The next day, Sunday June 3, the crew of the Langley welcomed 1,198 Washingtonians and others to tour their unique vessel. With the work week commencing the next day, Langley casted off from the Navy Yard and proceeded to a spot off Haines Point, a short distance away from the Army War College at Fort McNair. Once anchored, the USS Mayflower came alongside. President Warren G. Harding, Rear Admiral Moffett, the Navy’s General Board, and several other dignitaries worked their way up to the flight deck to observe Lt. Cdr. Griffin, Lt. Harold J. Brow, Ens. C.D. Palmer, and Boatswain Feher take off and land with their Navy biplanes. With the flight demonstration’s successful conclusion, the visiting dignitaries departed, and Langley returned to her previous berth at the Navy Yard. The flight operation routine continued off Haines Point for the next few days with only minor disruptions.               

During the following weekend, Langley remained berthed at the Navy Yard as one of her aircraft, and 30 Sailors participated in the parade that was part of festivities associated with a Shriners convention. Again, the quarterdeck was open to visitors, and several hundred took advantage of the opportunity. On Monday June 11, with Langley still tied up starboard side facing the Navy Yard, Mayflower came alongside and President Harding spent another 45 minutes visiting the aircraft carrier. At 4:02 the next morning, Langley hauled in lines from the Navy Yard dock for the last time as she headed down the Anacostia and the Potomac to return to Hampton Roads that evening. Following an overnight anchoring, Langley once again returned to Naval Operating Base for some maintenance and repair work.              

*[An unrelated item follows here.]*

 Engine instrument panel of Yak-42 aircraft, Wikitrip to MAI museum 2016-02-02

That day back in Washington, President Harding felt “stronger than ever” about the Navy’s plans for fleet aviation and reconfirmed his support for funding to continue the conversion of the planned battle cruisers Lexington and Saratoga into aircraft carriers. Having seen the persuasive powers of his experimental carrier captivate the president, Moffett was determined to garner additional support for his program and arranged for Langley to visit additional northeastern ports that summer.

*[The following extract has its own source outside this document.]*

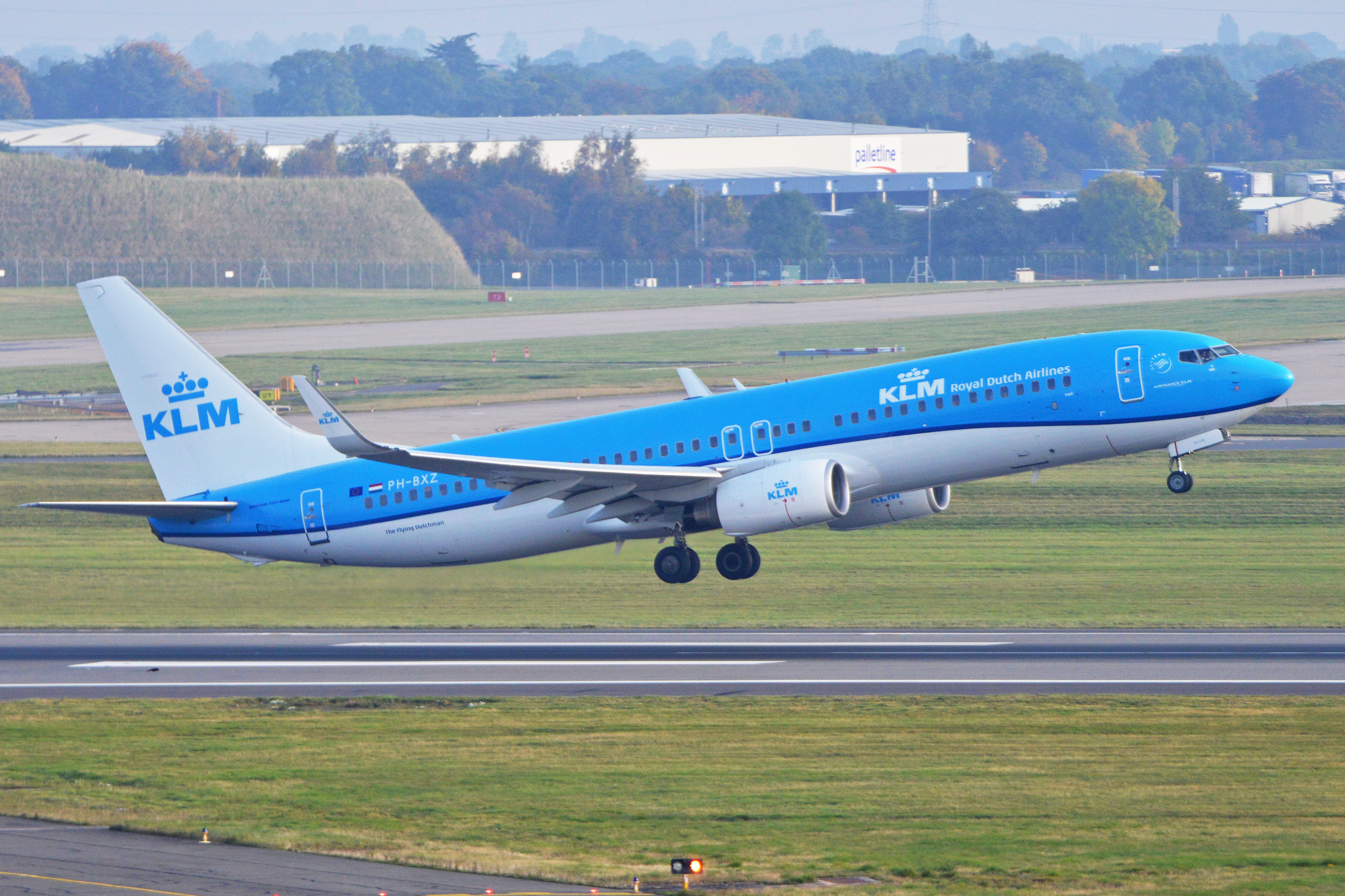 c/n 30368, l/n 2533. Built 2008. Departing on flight KL1422/84F to Amsterdam. Birmingham International Airport, UK. 11-10-2015

Above: USS Langley (CV-1), 1923. Aerial view while at the Washington Navy Yard, Washington, D.C. July 3, 1923. Note, Willard Park and Building 76 (top center), the current location of the National Museum of the U.S. Navy. U.S. Navy photograph, now in the collections of the National Archives. (2015/12/22). Retrieved from NHHC.

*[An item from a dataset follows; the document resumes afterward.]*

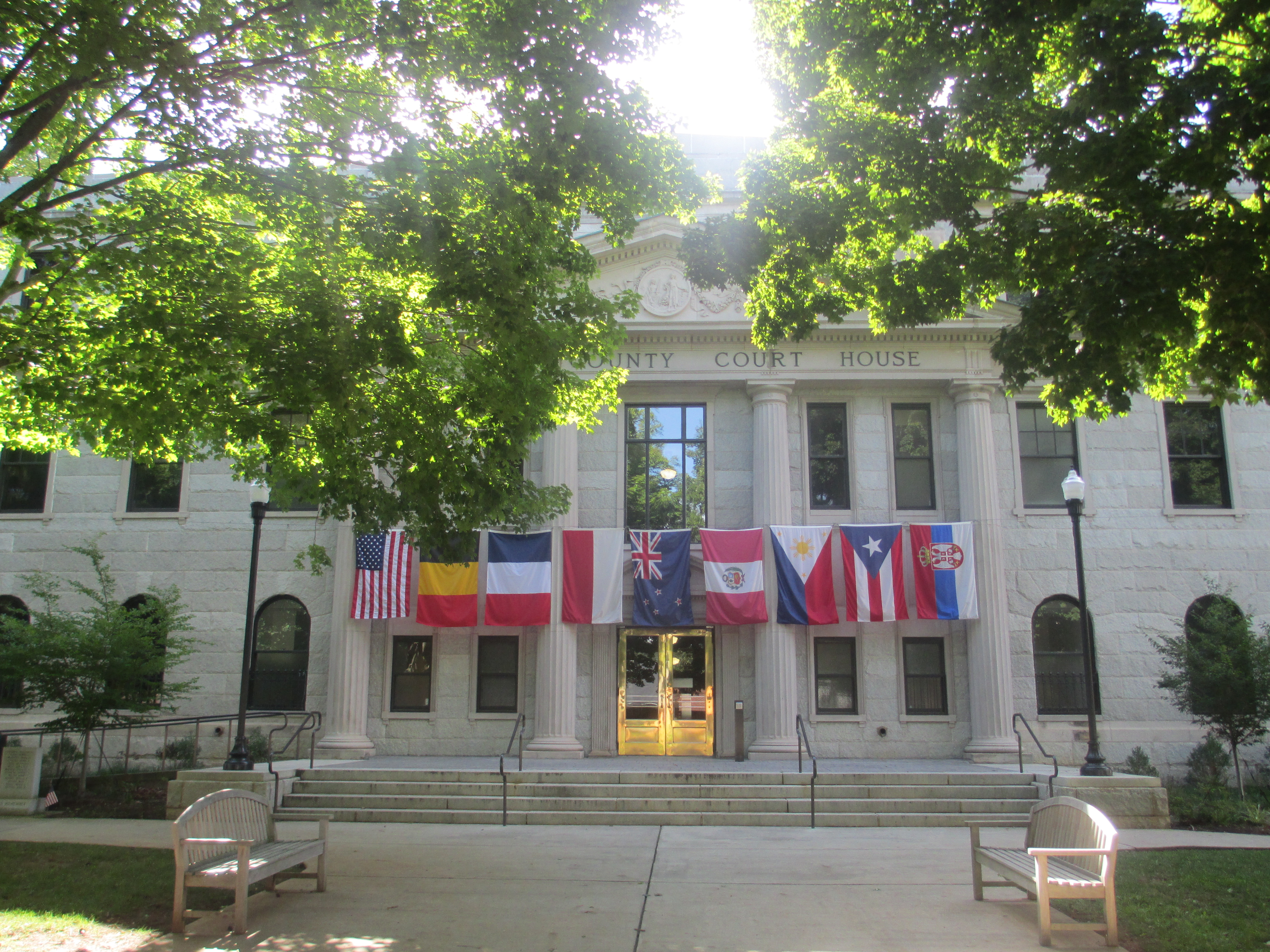 I took photo with Canon camera of Haywood County, NC, courthouse.

Naval Aviation – The Past is the Prologue to the Future

As we conclude our three-part history of Naval Aviation, we recommend Admiral James Holloway’s Aircraft Carriers at War: A Personal Retrospective of Korea, Vietnam, and the Soviet Confrontation. As we ponder the future of carrier-based Naval Aviation, we should reflect on the wise words of Admiral Holloway in his aptly-tiled concluding chapter, ‘The Future; Past is Prologue:’


“The importance of the aircraft carrier in our nation’s defense lies in the fact that the carrier is the only weapon system that can provide air power at sea; and the free use of the world’s international waters will be in the future … an absolute essential to our national security strategies” (438-439).